# Drying wood question



## Silverbullet (Apr 13, 2020)

Hi all,

I'm sure it's been asked a million times but I did try searching around with no luck.

Can green wood (apple tree wood), be dried out using a 5 foot cooking chamber of a reverse flow, offset wood burner?

I have lots of green apple wood and none dry. I'd like to be able to cook this summer.

Thanks


----------



## BandCollector (Apr 13, 2020)

I'm sure your question will be of interest to many here on the Forum.  

I'm sure one or our knowledgeable members will be along soon to answer your question.

I'm kind of envious because I have used up all of my apple wood and have been searching for more.  

Good Luck and Stay Safe,

John


----------



## Murray (Apr 13, 2020)

Lumber is kiln dried so I don’t see why you couldn’t dry your wood. I’d suggest you split it first to increase surface area and buy a moisture meter to evaluate your drying process.


----------



## Silverbullet (Apr 13, 2020)

Yes, I will most definitely have it split in small pieces. 
Moisture meter is a great idea, thanks.


----------



## kmmamm (Apr 13, 2020)

Yes, you could dry it in the cooking chamber, however it is not a 1:1 ratio.....simply put, you will burn more wood than you will ever net.  If you are serious about wanting to cure it faster, it will be far more efficient to build a simple solar kiln and let the sun do the heavy lifting.  

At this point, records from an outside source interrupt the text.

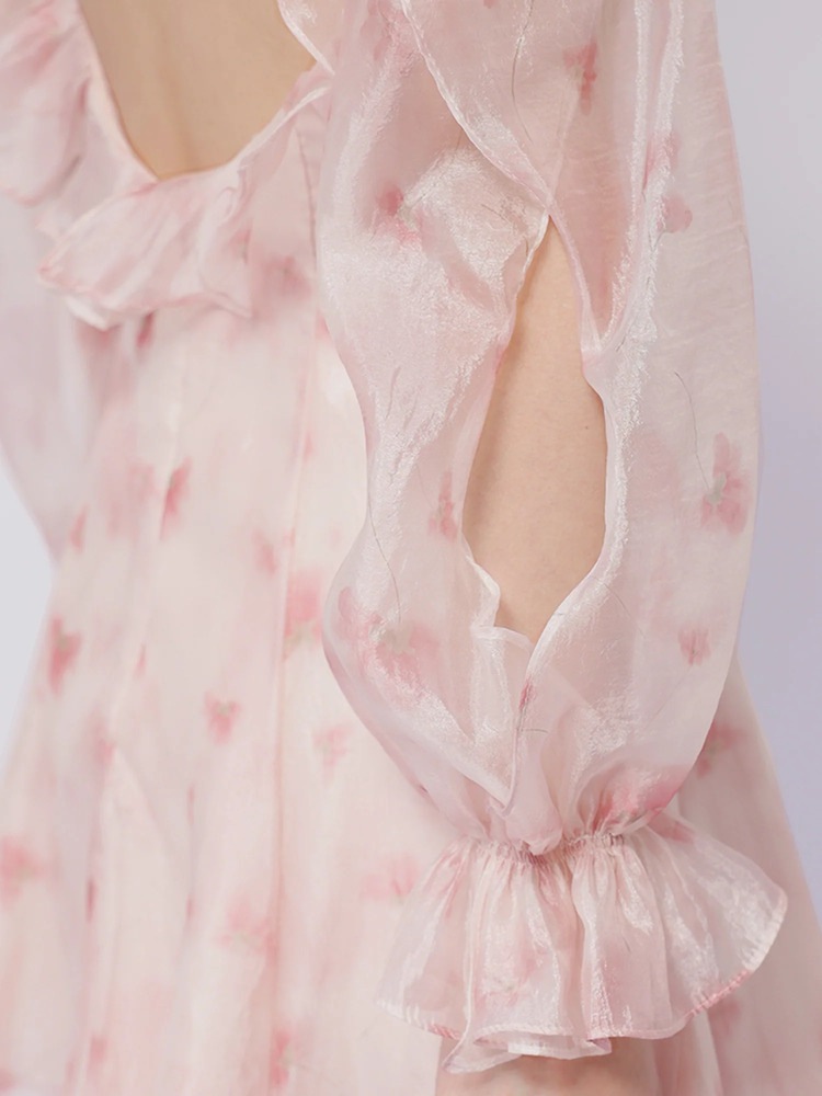 AngelR AR26801 フリル シフォン フラワープリント ミニドレス|プリーツ ノンストレッチ パッド付き 背中ファスナー フェミニン キャバドレス サックス ピンク
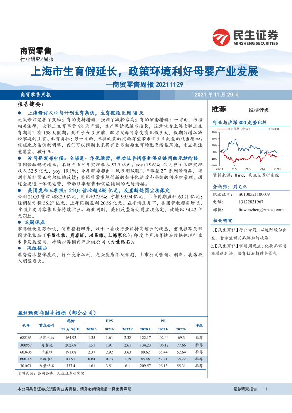 【民生证券】【20211129】商贸零售周报:上海市生育假延长,政策环境利好母婴产业发展-24页
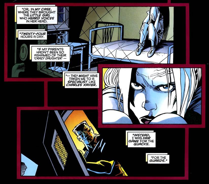 Emma Frost, como muchos mutantes, no recibió una cálida recepción cuando sus poderes fueron revelados al mundo por primera vez. Su padre, un hombre extremadamente rico y odioso, hizo internar a Emma en una institución mental.
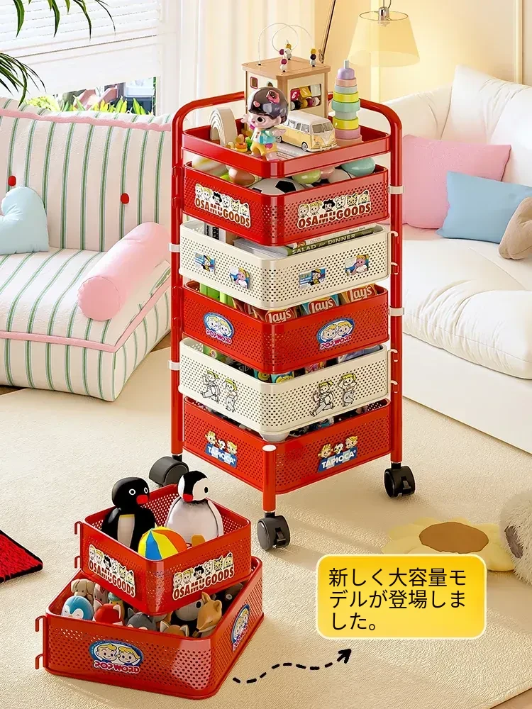 ドーパミンキッズおもちゃ収納ラック - 移動式小型カート、多層ボックスで赤ちゃんの車内整理に最適!お部屋もスッキリ、遊び心満載の収納ソリューション!
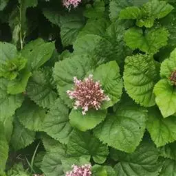 灌木,高1-4米;小枝四棱形,干后有较深的沟槽,老枝近于无毛或被短柔毛,同对叶柄之间密被长柔毛,枝干后不中空。叶片圆心形,长8-35厘米,宽6-27厘米,顶端尖或渐尖,基部心形,边缘有疏短尖齿,表面疏生伏毛,脉基具较密的锈褐色短柔毛,背面密具锈黄色盾形腺体,脉上有疏短柔毛;叶柄长0.5-15厘米,少可达27厘米,具较密的黄褐色短柔毛。

			https://www.google.com/url?sa=t&rct=j&q=&esrc=s&source=web&cd=1&ved=2ahUKEwi_ls-J1uXoAhUDVs0KHbrZBswQwqsBMAB6BAgKEAQ&url=https%3A%2F%2Fwww.youtube.com%2Fwatch%3Fv%3D-xd233KBDek&usg=AOvVaw2sH-yAssS5zcBmacax-G97


----------



## bill ace 350 (Apr 13, 2020)

If you have room, stack some in your garage, next to a window with a screen. Keep a fan blowing on it 24 -7.

In sunny days, open the garage door for more air circulation


----------



## mikelens (Apr 13, 2020)

I've dried cherry splits with a Masterbuilt 30 electric smoker. 6-8 hours at 200 got me down to 8% moisture.


----------



## Silverbullet (Apr 13, 2020)

Thank you everyone!


----------



## BandCollector (Apr 13, 2020)

Silverbullet said:


> Thank you everyone!



I told you they would be along!

Good Luck.

John


----------



## JWFokker (Apr 16, 2020)

I don't think you'll find it to be efficient enough to be worth it. You'll need to burn a fair amount of wood in the process. There are definitely better ways to do it.


----------



## SmokinEdge (Apr 16, 2020)

kmmamm said:


> Yes, you could dry it in the cooking chamber, however it is not a 1:1 ratio.....simply put, you will burn more wood than you will ever net.  If you are serious about wanting to cure it faster, it will be far more efficient to build a simple solar kiln and let the sun do the heavy lifting.
> 
> 
> 
> https://www.google.com/url?sa=t&rct=j&q=&esrc=s&source=web&cd=1&ved=2ahUKEwi_ls-J1uXoAhUDVs0KHbrZBswQwqsBMAB6BAgKEAQ&url=https%3A%2F%2Fwww.youtube.com%2Fwatch%3Fv%3D-xd233KBDek&usg=AOvVaw2sH-yAssS5zcBmacax-G97



^^^^^^^^^^^^^^
This


----------